When the hand does not extend first before the rest of your lunge, your debole will end up on their forte. This makes extending the hand generally a good idea before doing anything (advancing, retreating, passing steps, breathing, sitting down, scratching an itch, etc).
With your sword extended, your forte and guard are your entire defense. Getting your target area behind them is therefore a good idea. Rotating the shoulders so they fall in line behind your guard, placing your body in profile, then bowing at the waist towards your opponent, to minimize your cross-section, accomplishes this and extends your blade even further. Tensing your lower left back muscles (your latissimus dorsi) will further extend your sword.

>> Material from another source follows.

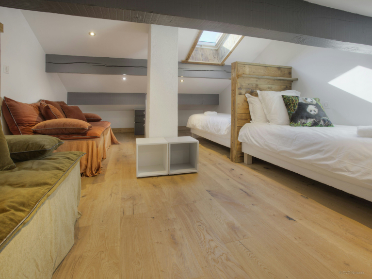 Nous aimons beaucoup la chambre à coucher du rez-de-chaussée qui donne sur la terrasse ensoleillée en façade du chalet. C’est un endroit idyllique pour savourer un dernier verre tout en regardant le soleil se coucher. S’il y fait trop chaud l’été, optez plutôt pour le jardin situé à l’arrière. Les enfants y joueront en sécurité puisqu’il est clôturé. Vous y trouverez aussi une terrasse ombragée et un espace barbecue.

At this point there is some disagreement between Capoferro and Giganti. Capoferro has the head bowed down to get behind the guard as well. Giganti says the head should move last. Capoferro’s technique defends the head with the guard while Giganti’s defends it with distance. Since this is discussion of Giganti’s teachings of the Italian rapier system, we’ll follow his instructions as we work through the process.

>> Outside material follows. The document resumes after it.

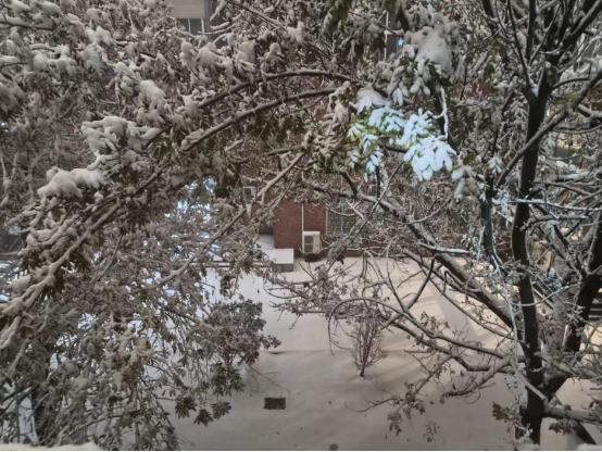 雪花轻轻地覆盖在娇艳的花朵上,红与白形成最惊艳的配色,直逼路人眼球,引得不少同学驻足。

As discussed in the guard chapter, holding your weight mostly on your back leg allows you to move the front leg freely. Even though you have bent your torso forward, the weight should still be held over your back foot. This is the difference between the Italian technique and the bad form of leaning forward demonstrated by many fencers – leaning forward is usually accompanied by putting more weight on the front foot, thereby preventing or slowing a lunge. With the weight held back, no energy or time is needed to move weight off the front leg before it can go forward. This is what Giganti calls “a stance that can be extended.” As simply as that, one of the largest tells of the modern lunge is removed, replaced with a simple movement of the foot away from the ground (either by lifting the knee at the hip or lifting the foot up and forward from the knee).
Once the lead foot is off the ground, gravity does all the work for you. The Earth pulls you down and forward (since your center of mass is forward) and you fall onto your front foot, now having extended your step into a lunge. This does not need to be the massive lunging step of sport fencing; a step of a foot-length will do. Explosivity is gained by straightening your back knee. This is different from springing off your back foot, which is the more common practice. Instead imagine standing with your heels flat on the ground and your knees bent, and then just standing straight up. This is also known as a “squat” in exercise circles. Now imagine doing that with just your back leg (a “pistol squat”, which is an impressive feat of strength and balance I cannot yet perform). It not only pushes your body forward, it also drives more force into your heel, firmly planting your rear foot in place.
At this point Giganti would have you bring your head forward. In my experience this compresses everything downward, pushing it more forward for another couple of inches of extension.
The Recovery
Just as the the head is the last thing to go forward in Giganti’s lunge, it’s the first thing to go back in the recovery. He is a fan of not getting stabbed in the face.
As the head comes back past the rear shoulder, and the shoulder therefore follows, the center of mass moves passed the rear hip. At this point, letting the back knee break will allow you to essentially fall backwards onto your back hip. Just like in the step of the lunge, where gravity did the bulk of the work, so gravity does the work for the recovery. Also as the back leg could accelerate the lunge, in the recovery contracting the back leg’s muscles will help to pull you backward. A very little push off of the front foot (peeling the toes back and pushing through the heel) can be helpful, but not necessary. As the torso comes back upright and into guard, the hand remains extended, with your sword above your opponent’s blade. It should remain that way until you have withdrawn completely out of measure.